# ACTIVITY
Copy nothing but the text: reproduce each line of the listing exactly and leave the pictures out.

# DATA EXCERPT
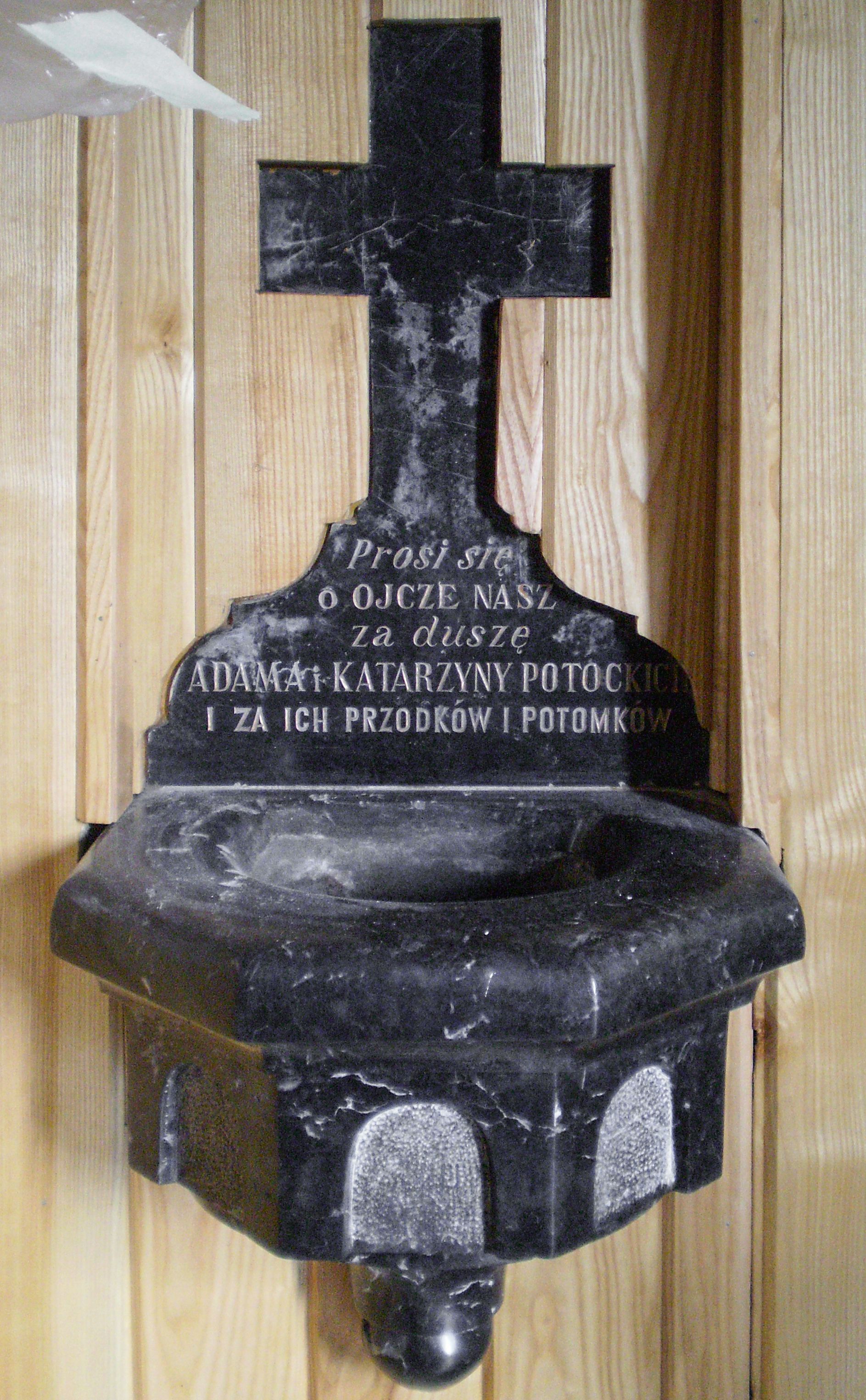 Kropielnica wmurowana w ścianę, na rzucie pięcioboku, z wewnętrznym półkulistym pojemnikiem na wodę, o bocznych ściankach z ślepymi zakończonymi półkoliście arkadkami. Nad kropielnicą krzyż na szerokiej podstawie o wykroju wklęsło-wypukłym z inskrypcją „Prosi się / o OJCZE NASZ / za duszę / ADAMA I KATARZYNY POTOCKICH / ZA ICH PRZODKÓW I POTOMKÓW”. Od dołu widoczna podtrzymująca czarę profilowana konsola zakończona kulistą gałką.
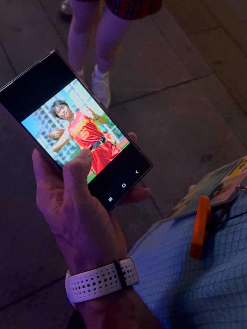 “好多人想看中国运动员的照片,我赶紧拍了一批。”昨晚,来自美国腰旗橄榄球组织的摄影师埃内斯托・坎普萨诺在工作之余,和他的同事凯利·安· 托拉尔游览了璀璨夜幕下的交子大道。聊起他此行在成都世界运动会的工作,埃内斯托忙拿出手机展示里面的图片。
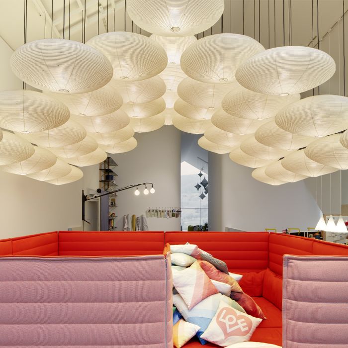 Les Akari Light Sculptures (1951) d'Isamu Noguchi (1951) sont une série de luminaires faits main en papier washi traditionnel par des artisans japonais. « La magie du papier retransforme l'électricité froide en la lumière originelle – le soleil. » (Noguchi)
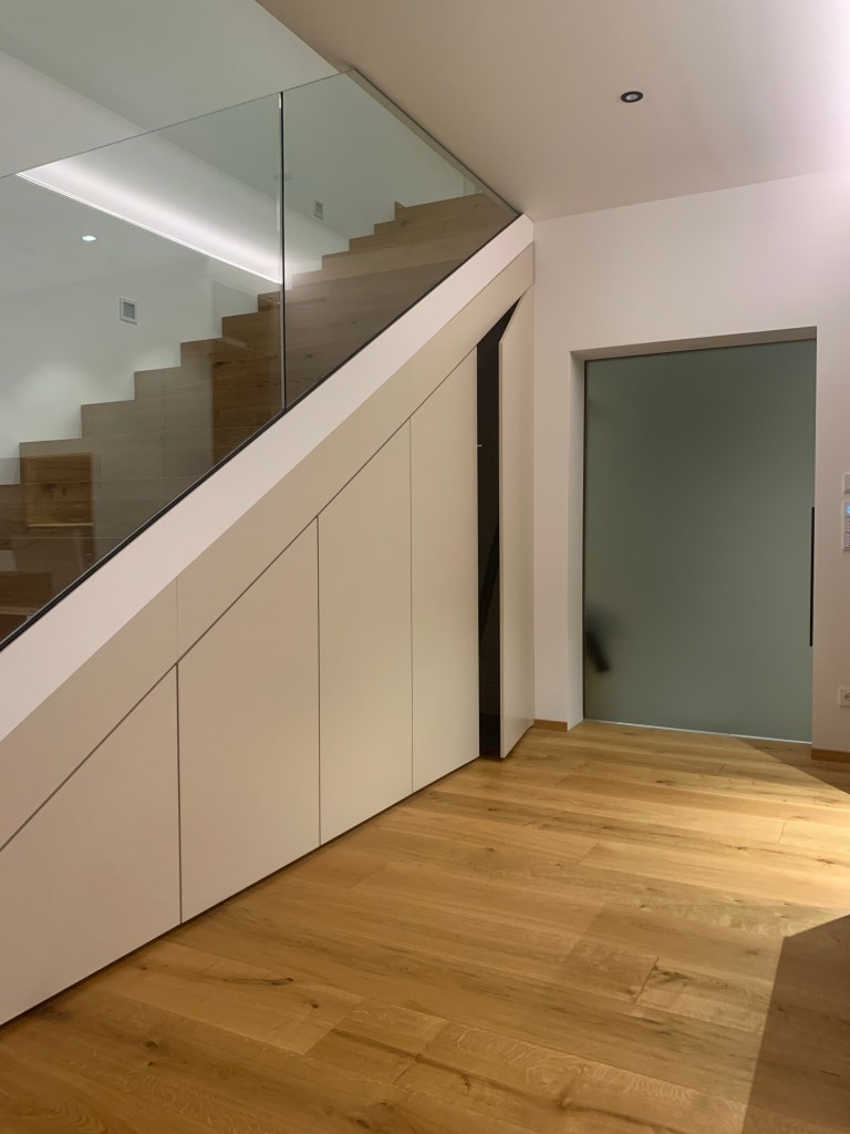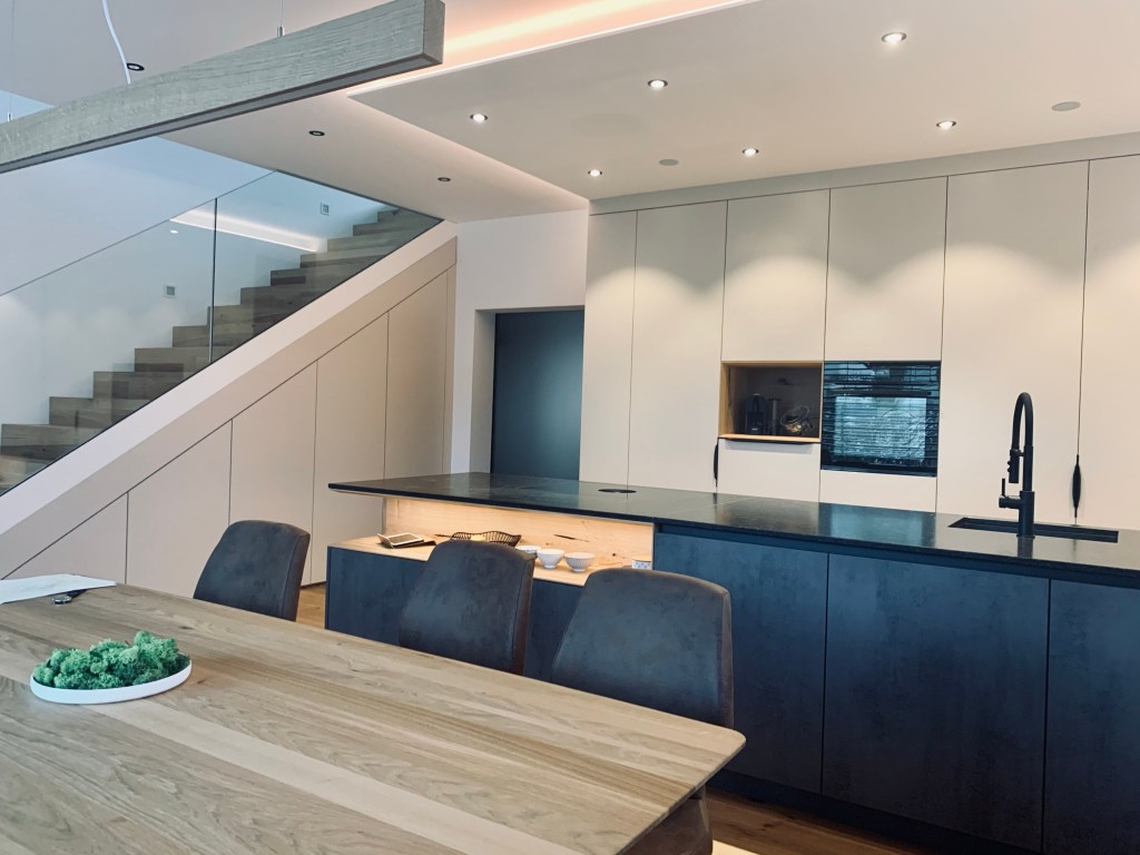 Was uns richtig „daugt“ ist unser Smart Home. Wir haben sicher nicht High End, aber schon einige kleine Besonderheiten. Wir können zB das gesamte Licht und unsere Beschattungen über das Handy steuern, können mit unserem Handy auch wenn wir zB in der Arbeit sind die Haustür öffnen oder über die Sprechanlage kommunizieren und verschiedene Lichtszenen automatisieren. Viele sagen zwar ‚wir brauchen kein Smart Home‘ aber für mich gibt es eigentlich nur Vorteile. Wüsste nicht warum man in einem neuen Haus das nicht einbauen sollte. Wir haben das KNX Sytem mit Busch/Jäger Schalter.

# SOLUTION FOR THIS EXERCISE
 Kropielnica wmurowana w ścianę, na rzucie pięcioboku, z wewnętrznym półkulistym pojemnikiem na wodę, o bocznych ściankach z ślepymi zakończonymi półkoliście arkadkami. Nad kropielnicą krzyż na szerokiej podstawie o wykroju wklęsło-wypukłym z inskrypcją „Prosi się / o OJCZE NASZ / za duszę / ADAMA I KATARZYNY POTOCKICH / ZA ICH PRZODKÓW I POTOMKÓW”. Od dołu widoczna podtrzymująca czarę profilowana konsola zakończona kulistą gałką.
 “好多人想看中国运动员的照片,我赶紧拍了一批。”昨晚,来自美国腰旗橄榄球组织的摄影师埃内斯托・坎普萨诺在工作之余,和他的同事凯利·安· 托拉尔游览了璀璨夜幕下的交子大道。聊起他此行在成都世界运动会的工作,埃内斯托忙拿出手机展示里面的图片。
 Les Akari Light Sculptures (1951) d'Isamu Noguchi (1951) sont une série de luminaires faits main en papier washi traditionnel par des artisans japonais. « La magie du papier retransforme l'électricité froide en la lumière originelle – le soleil. » (Noguchi)
 Was uns richtig „daugt“ ist unser Smart Home. Wir haben sicher nicht High End, aber schon einige kleine Besonderheiten. Wir können zB das gesamte Licht und unsere Beschattungen über das Handy steuern, können mit unserem Handy auch wenn wir zB in der Arbeit sind die Haustür öffnen oder über die Sprechanlage kommunizieren und verschiedene Lichtszenen automatisieren. Viele sagen zwar ‚wir brauchen kein Smart Home‘ aber für mich gibt es eigentlich nur Vorteile. Wüsste nicht warum man in einem neuen Haus das nicht einbauen sollte. Wir haben das KNX Sytem mit Busch/Jäger Schalter.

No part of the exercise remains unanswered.